[Opening Data for processing section]

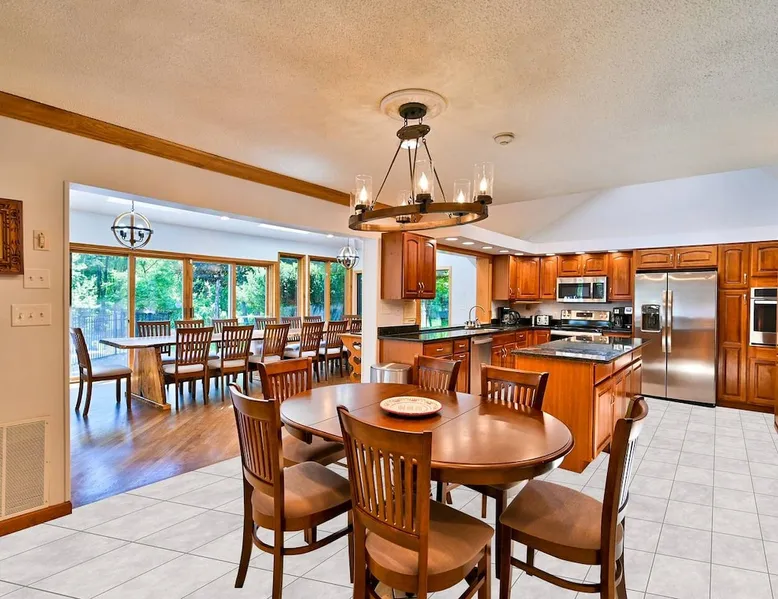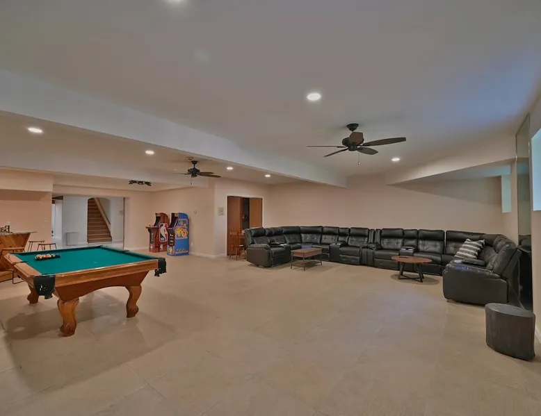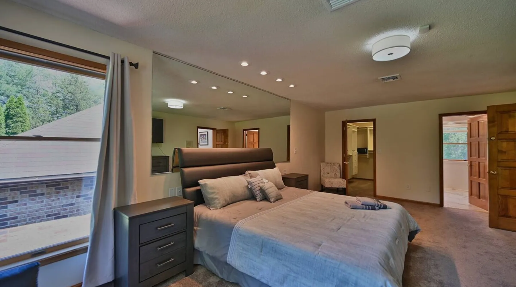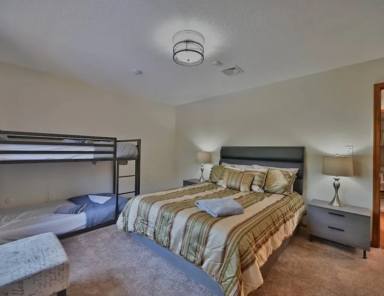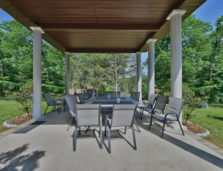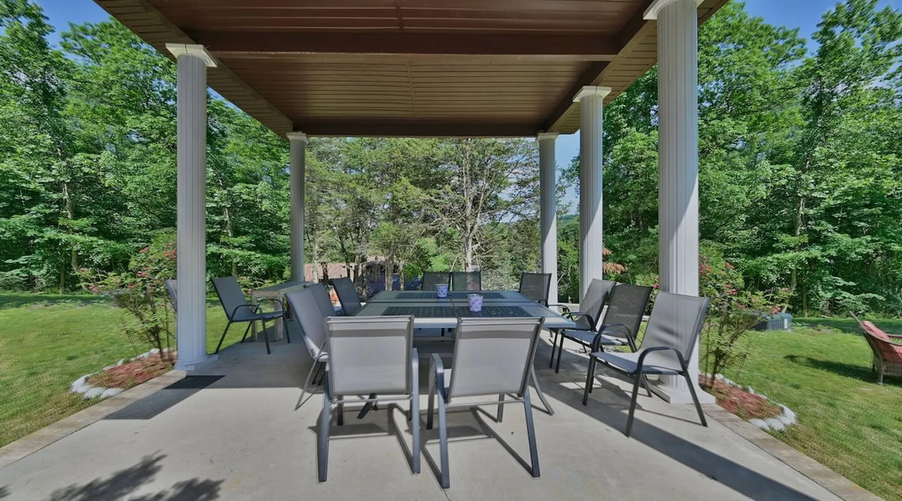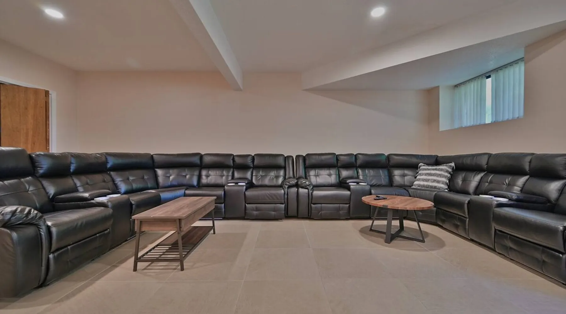 Swimming pool is open from May 10th to October 13 Experience the abundance of this 8 bedroom, 5 full and 2 half bathroom villa that is 8700 SQF in the tranquil area of Poconos Mountains. This villa offers a cozy, entertaining, and family-friendly getaway close to the various sights, activities, and famous spots of the Poconos Mountains. A private outdoor pool, hot tub, gym, sauna, and many more amenities exist. This villa has just been refurbished with new furniture, cozy beds & bedding The space As soon as you step foot in the luxury three-floor pool villa, you're welcomed by a very stylish yet highly comfortable open-plan living area. It is designed and decorated in an elegant manner that compliments the breathtaking vacation setting of the Poconos Mountains! The fully equipped kitchen and its adjacent dining area open onto the entertaining living room, setting the tone for many memorable evenings. Plenty of natural light coming through the large windows and glass doors makes the whole villa very bright during the entire day. Retreat to eight comfortable bedrooms, which feature 5☆-resort comforts that allow you to rest after an exciting day of adventuring throughout the region. But wait! The best is yet to come! Step outside to the private pool area equipped with luxury amenities for ultimate relaxation or come down to the spacious game room and enjoy hours of endless fun. ✔ 8 Comfortable Bedrooms ✔ Open Design Living ✔ Fully Equipped Kitchen ✔ Swimming Pool ✔ Backyard (Seating, Fire Pit, BBQ) ✔ Game Room ✔ Sauna ✔ Gym ✔ Smart TVs ✔ High-Speed Wi-Fi ✔ Free Parking ★ LIVING ROOM ★ It immediately feels like home, with comfy sofas, a coffee table for snacks and drinks, and a smart TV. ✔ Three Comfortable Leather Sofas with Pillows ✔ Smart TV ✔ Coffee Table ✔ Comfy Sofa Chair ★ KITCHEN & DINING ★ It is fully equipped with state-of-the-art cooking appliances that make it suitable for preparing any meal, whether it is a simple breakfast, quick snack, or a three-course gourmet dinner. Spacious granite countertops and a vast kitchen island provide plenty of room for you to work your MasterChef magic. ✔ Microwave ✔ Stove ✔ Oven ✔ Refrigerator/Freezer ✔ Dishwasher ✔ Coffee Maker ✔ Toaster ✔ Blender ✔ Sink - Hot & Cold Water ✔ Trays ✔ Glasses ✔ Silverware ✔ Pots & Pans The dining area is perfectly nestled by the backyard entrance allowing you to gaze at the gorgeous natural surroundings while having delicious homemade meals. Another ✔ Custom Wood Slab Dining Table with Seating for 16 ★ SLEEPING ARRANGEMENTS – 8 BEDROOMS ★ After an exciting day of adventuring throughout the Pocono Mountains, you will be looking to rest for an equally entertaining tomorrow. Once you are ready to relax, please make your way to these comfortable bedrooms. ♛ Master Bedroom 1 - King-Size Bed + Sofa Bed ♛ Master Bedroom 2 - King-Size Bed + Crib ♛ Bedroom 3 - Queen-Size Bed + Bunk Bed (Twin over Twin) ♛ Bedroom 4 - Two Bunks Beds (Double over Double) ♛ Bedroom 5 - Queen-Size Bed ♛ Bedroom 6 - Bunk Bed (Double over Double) ♛ Bedroom 7 - Bunk Bed (Twin over Twin) ♛ Bedroom 8 - Queen-Size Bed Each bedroom is equipped with a similar set of amenities. ✔ Smart TV (only in Master Bedrooms) ✔ Pillows, Linens, and Sheets ✔ Closet with Hangers and Shelves ✔ Cabinet with Spacious Drawers ✔ Night Stands with Reading Lights ★ BATHROOMS ★ A total of seven full bathrooms can be found within the villa. All are stocked with fresh towels and essential toiletries, so you don't have to worry about bringing your own. ✔ Bath with a Shower ✔ Shower Cabin ✔ Vanity ✔ Mirror ✔ Toilet ✔ Towels ✔ Hair Dryer ✔ Essential Toiletries ★ GAME ROOM ★ Enjoy playing with your family and friends in the fully furnished basement floor used as a game room. We have prepared an abundance of entertaining activities that will make you lose track of time. The large comfortable sofa and the smart TV are perfect for unforgettable family movie nights! ✔ Pool Table ✔ Ping-Pong Table ✔ Arcade Machines ✔ Bar Area ✔ Smart TV ✔ Large U-Shaped Leather Sofa ★ BACKYARD + POOL AREA ★ Soak up the sun in complete privacy, surrounded by many entertaining and comfortable amenities for children and adults. Besides the luxurious pool area, you can enjoy the serenity of the lush green surroundings. ✔ Swimming Pool ✔ Fire Pit ✔ BBQ Grill ✔ Sun Lounges ✔ Covered Seating Area with Table and Chairs Guest access The entire villa is exclusively yours, without interruption for the duration of your stay, so relax, unwind, and make yourself at home. Other than the already mentioned amenities, the house also features: ✔ Sauna ✔ Gym ✔ High-Speed Wi-Fi ✔ Air Conditioning ✔ Heating ✔ Washer+ Dryer ✔ Free Parking
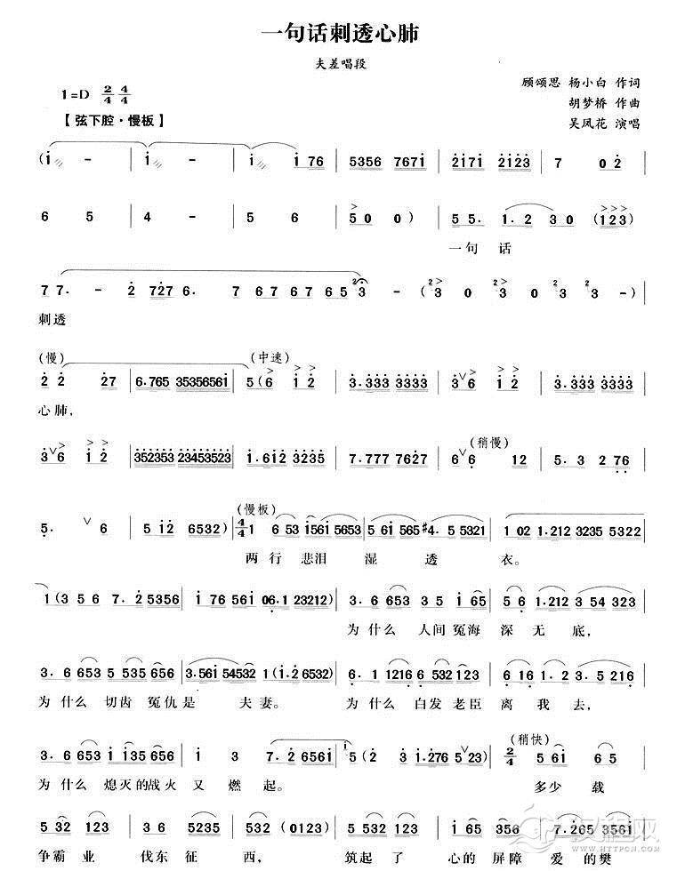 戏曲曲谱一品锅一品大员享荣禄(《杨乃武平冤记》扬菊贞唱段)
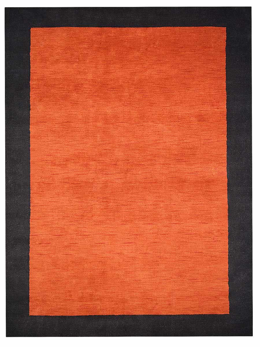 OPS Hand Knotted Gabbeh Wool Contemporary Indoor Area Rug, Orange Black
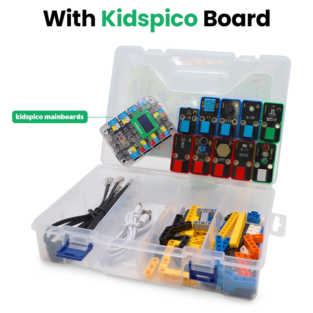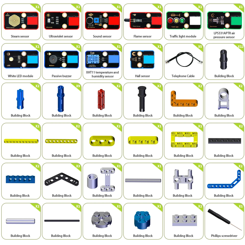 In this kit, multiple sensors and modules are included: white LED module, Hall sensor, passive buzzer, XH11 temperature and humidity sensor, steam sensor, flame sensor, sound sensor ultraviolet sensor, traffic light module and air pressure sensor. Besides, we design seven comprehensive experiments for the kit with building blocks: rain detection, fire alarm, magnetic field detection, thunder detection, temperature detection, ultraviolet detection and air pressure detection. These building blocks are provided, so you may design forms at will, which greatly improves logical analysis, creativity, hands-on skills and problem-solving ability.
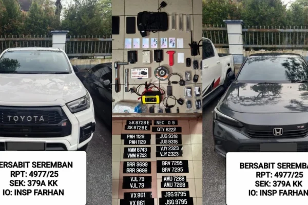 Semasa Polis tumpas kumpulan curi kenderaan mewah di beberapa negeri Editorial ND11 months ago11 months ago03 mins SEREMBAN – Dua suspek masing-masing memiliki 61 dan 77 rekod jenayah termasuk menjadi buruan kes…
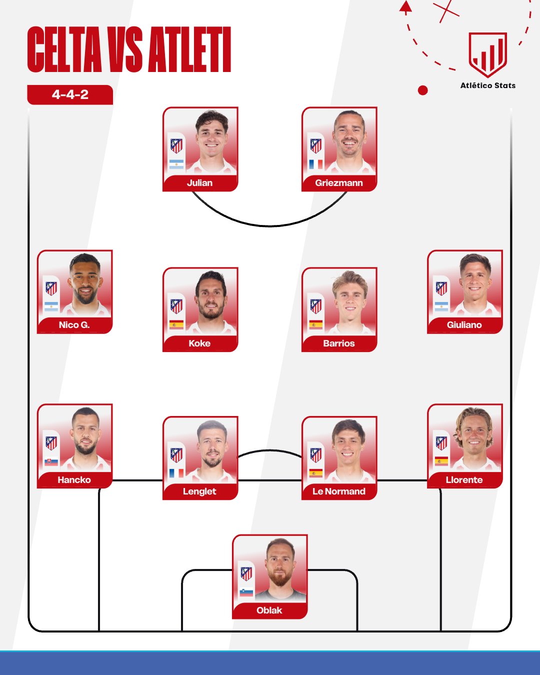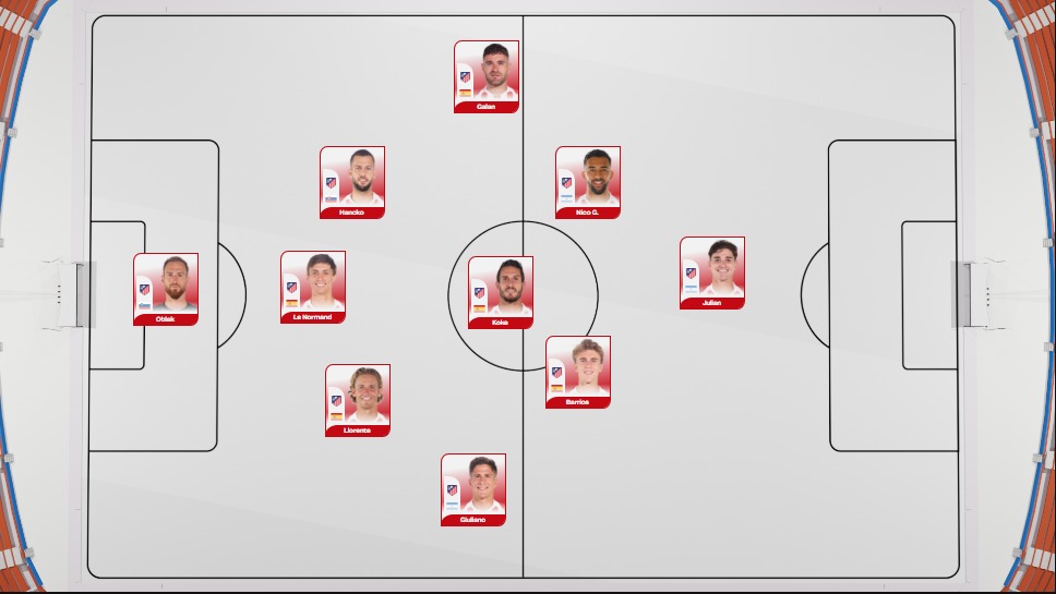 11 vs 11 Y EL ENÉSIMO DISPARO AL PIE Apostaba Simeone por el mismo once de la goleada ante el Madrid, salvo por la entrada de Griezmann en detrimento de Sorloth. Eso incluía el Lenglet + Hancko que, aunque a posteriori sea fácil criticarlo, tenía toda la lógica por lo que venía dándole al equipo la suma de ambos.
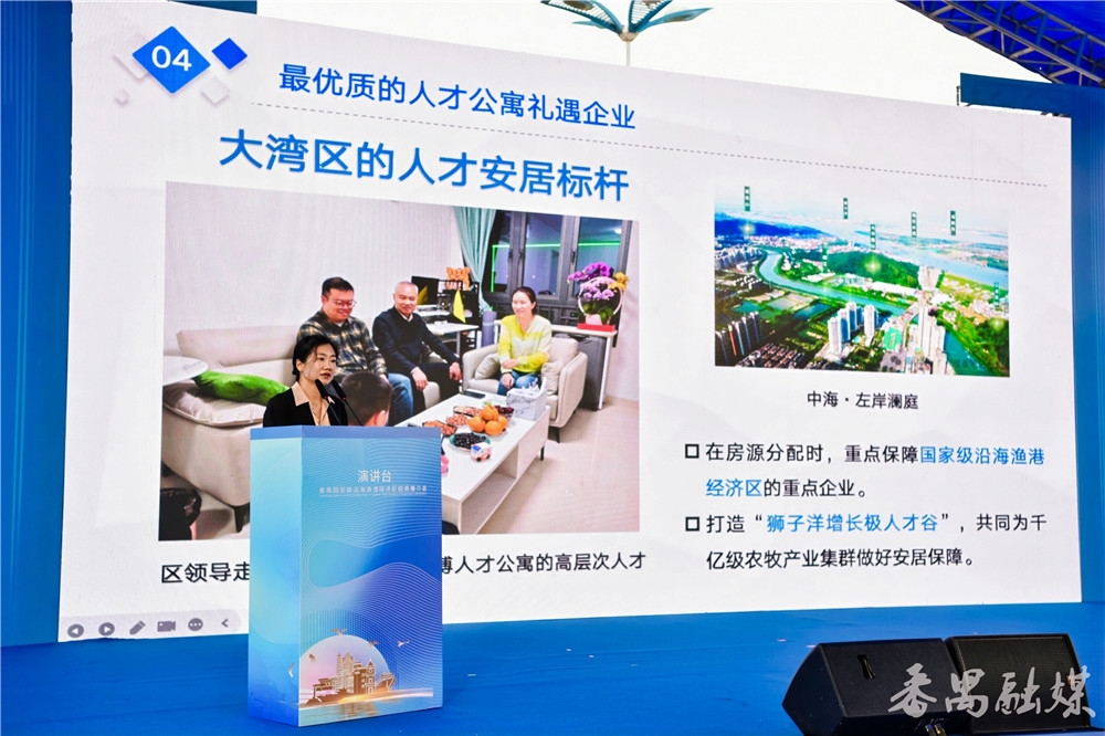 活动当日,推介会现场高朋满座,热闹非凡,共有70家意向投资签约和目标招商企业纷至沓来,寻找商机。活动现场播放了番禺国家级沿海渔港经济区招商视频,石楼镇和渔港专班分别向与会客商推介国家级渔港经济区建设进展和招商项目情况,为投资者提供详实的决策依据,并向全球投资者发出邀约,共享湾区机遇,共筑蓝色经济新高地。番禺区委组织部同步宣讲了“番禺人才生态30条”、人才服务卡等最新人才政策,包括为企业提供科研经费支持、子女入学、医疗服务、住房优惠等“政策大礼包”,为大家解除后顾之忧。
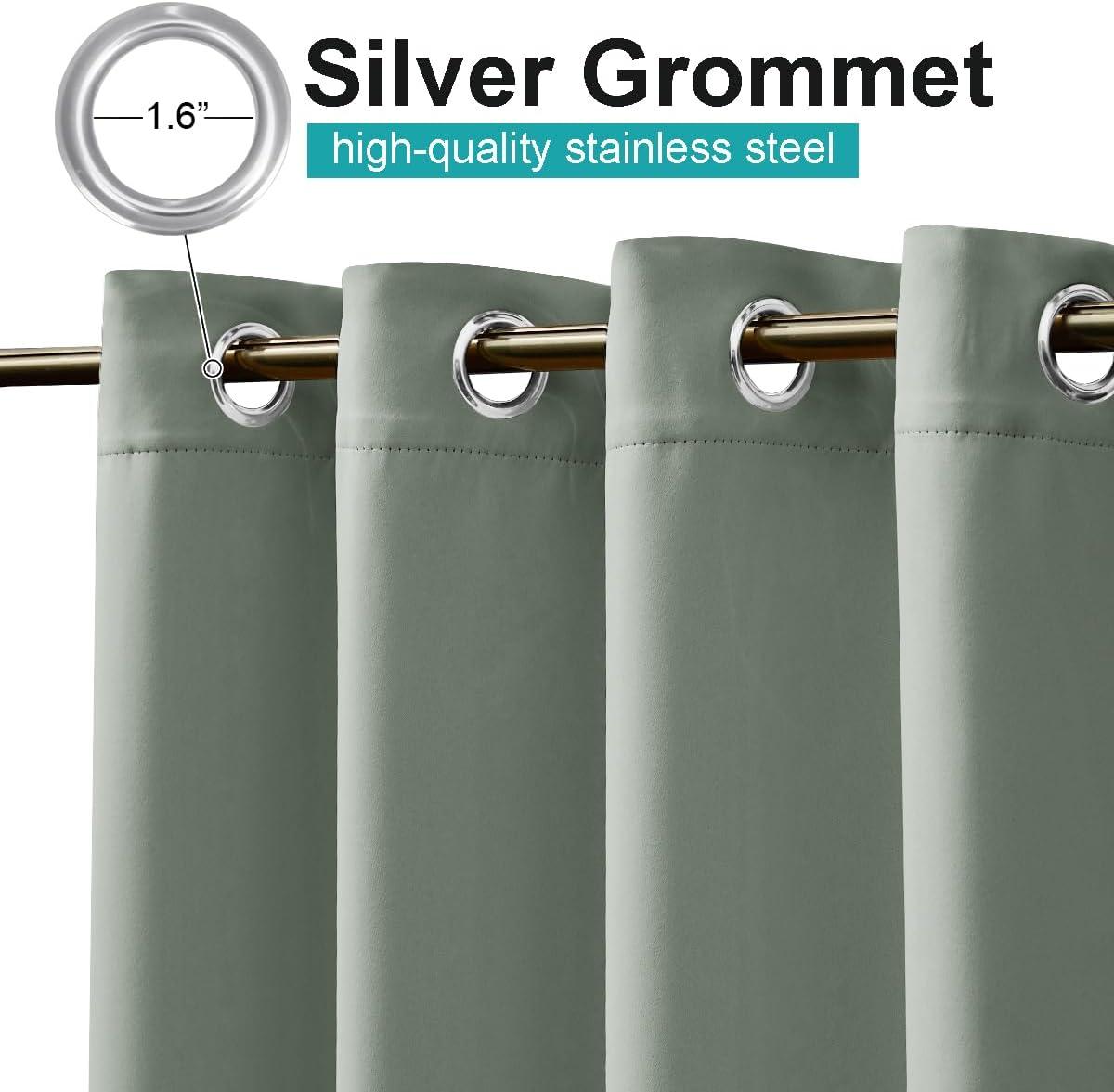 imageNICETOWN Room Darkning Bedroom Curtain W84 x L84 Stainless Steel Grommet Top Blackout Heavy Weight Window Treatment Thermal Insulated Sunlight Block Drape Panel for Sun RoomPorch TanSage Green

[Closing Data for processing section]

• _What to work on_
I would like an exact copy of the lines from the one holding "OPS Hand Knotted" through the last line of the entries above, with the pictures left out.

• _Answer section_
 OPS Hand Knotted Gabbeh Wool Contemporary Indoor Area Rug, Orange Black
 In this kit, multiple sensors and modules are included: white LED module, Hall sensor, passive buzzer, XH11 temperature and humidity sensor, steam sensor, flame sensor, sound sensor ultraviolet sensor, traffic light module and air pressure sensor. Besides, we design seven comprehensive experiments for the kit with building blocks: rain detection, fire alarm, magnetic field detection, thunder detection, temperature detection, ultraviolet detection and air pressure detection. These building blocks are provided, so you may design forms at will, which greatly improves logical analysis, creativity, hands-on skills and problem-solving ability.
 Semasa Polis tumpas kumpulan curi kenderaan mewah di beberapa negeri Editorial ND11 months ago11 months ago03 mins SEREMBAN – Dua suspek masing-masing memiliki 61 dan 77 rekod jenayah termasuk menjadi buruan kes…
 11 vs 11 Y EL ENÉSIMO DISPARO AL PIE Apostaba Simeone por el mismo once de la goleada ante el Madrid, salvo por la entrada de Griezmann en detrimento de Sorloth. Eso incluía el Lenglet + Hancko que, aunque a posteriori sea fácil criticarlo, tenía toda la lógica por lo que venía dándole al equipo la suma de ambos.
 活动当日,推介会现场高朋满座,热闹非凡,共有70家意向投资签约和目标招商企业纷至沓来,寻找商机。活动现场播放了番禺国家级沿海渔港经济区招商视频,石楼镇和渔港专班分别向与会客商推介国家级渔港经济区建设进展和招商项目情况,为投资者提供详实的决策依据,并向全球投资者发出邀约,共享湾区机遇,共筑蓝色经济新高地。番禺区委组织部同步宣讲了“番禺人才生态30条”、人才服务卡等最新人才政策,包括为企业提供科研经费支持、子女入学、医疗服务、住房优惠等“政策大礼包”,为大家解除后顾之忧。
 imageNICETOWN Room Darkning Bedroom Curtain W84 x L84 Stainless Steel Grommet Top Blackout Heavy Weight Window Treatment Thermal Insulated Sunlight Block Drape Panel for Sun RoomPorch TanSage Green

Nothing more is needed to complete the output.